[Collection entries]
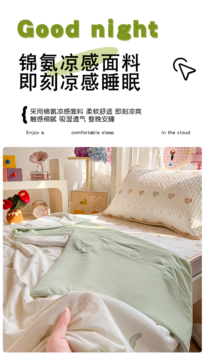 当前位置: 91家纺网 > 商品网购 > 床品套件 > 三件套 > 卡普家居 2026新款A类锦氨凉感印花夏被床盖床单款三件套 青提奶冻
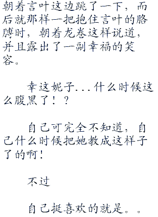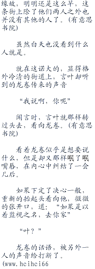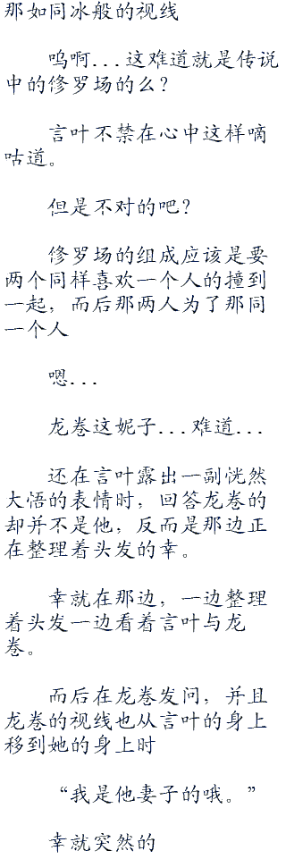 不知道在想着什么,鸫在疑惑的抬头看向言叶那消失的方向之时,便小声的自言自语道:“喜欢上他?自恋么那混蛋,我怎么可能...诶...等、等下...诶?诶诶诶?!我刚才都说了什么啊!?”
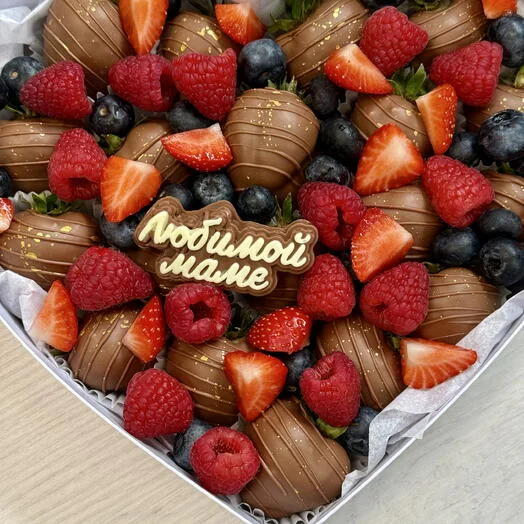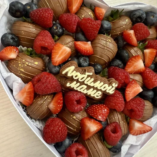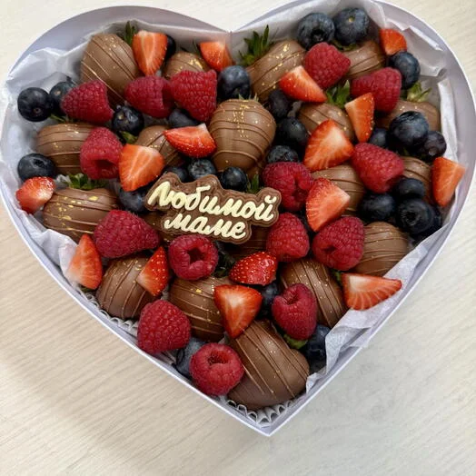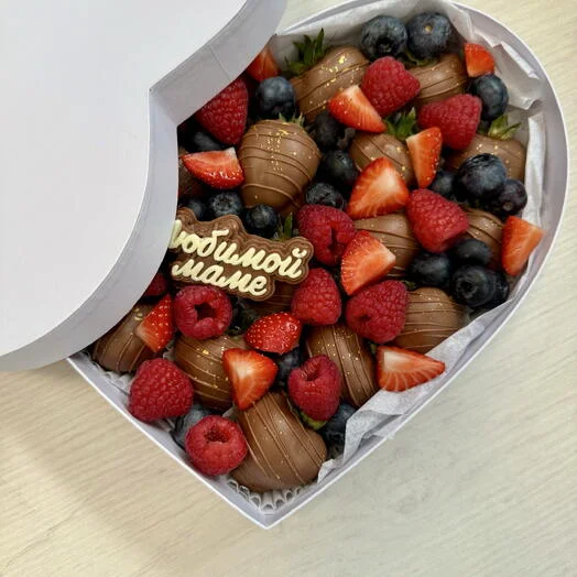 Представьте, как светятся глаза вашей мамы, когда она откроет пакет, а там коробочка в виде сердца. Интрига дополняется не прозрачной крышкой. Развязав атласный бант, открывает крышку коробки с трепетным биением сердца ииии она видит десерт , достойный королевы. Счастье и радость с горящими глазами.
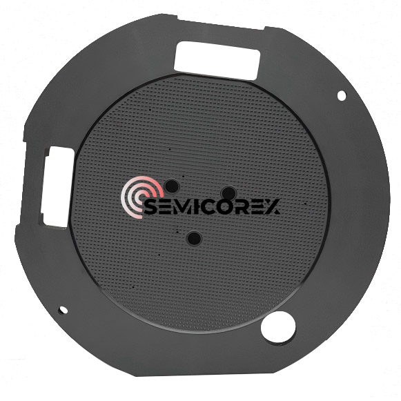 Il corpo dei mandrini a vuoto Wafer è realizzato incarburo di silicio sinterizzatoche è prodotto ad una densità estremamente elevata e ha tutte le caratteristiche meccaniche e termiche adeguate per essere utilizzato nei dispositivi a semiconduttore. Rispetto ad altri materiali standard per mandrini a vuoto, come le leghe di alluminio e la ceramica, il SiC denso offre rigidità e proprietà dimensionalmente stabili significativamente maggiori.
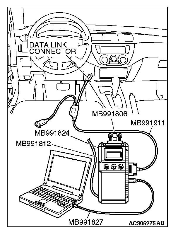 1. Connect scan tool MB991958 to the data link connector.
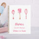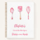 A white coloured background with pink kitchen utensils. Personalise and add your name and a text.
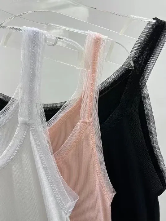 棉+彈力 親膚舒適 質感網紗滾邊 彈性很好 合身不貼身
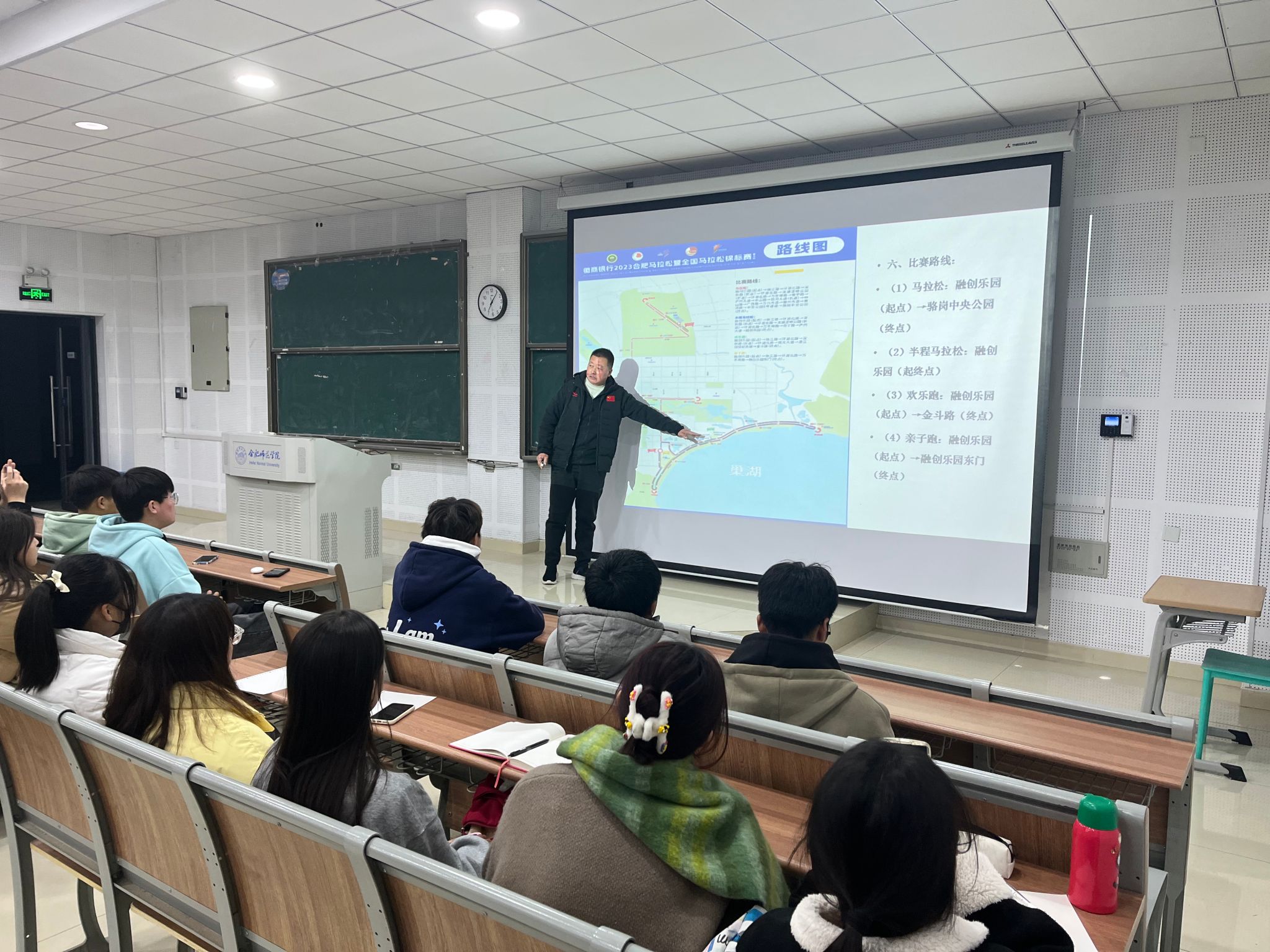 志愿者赛前培训会于锦绣校区和滨湖校区同步举行,为了更好地发挥阵地作用,合肥马拉松赛组委会工作人员对志愿服务精神、马拉松知识、赛事信息简介、志愿者分组工作安排及岗位职责等内容进行详细讲解,确保志愿者在赛事过程中能够高质量地完成志愿服务工作。院团委召开志愿者出征动员大会对前期准备工作作出最后总结,介绍了马拉松赛事的有关情况,并重点强调了分组情况和赛道安排。为保障比赛当天志愿服务工作有序开展,全体志愿者参加了赛前联调演练。一切对照比赛当日进程进行演练,全面熟悉赛场与岗位,力争为合马比赛提供一流服务。

[WHAT THIS TASK INVOLVES] Set down exactly and only the lines from the start of the entries above through the line containing "不知道在想着什么,鸫在疑惑的", both ends included, omitting the pictures.

[SOLUTION TO THE EXERCISE]
 当前位置: 91家纺网 > 商品网购 > 床品套件 > 三件套 > 卡普家居 2026新款A类锦氨凉感印花夏被床盖床单款三件套 青提奶冻
 不知道在想着什么,鸫在疑惑的抬头看向言叶那消失的方向之时,便小声的自言自语道:“喜欢上他?自恋么那混蛋,我怎么可能...诶...等、等下...诶?诶诶诶?!我刚才都说了什么啊!?”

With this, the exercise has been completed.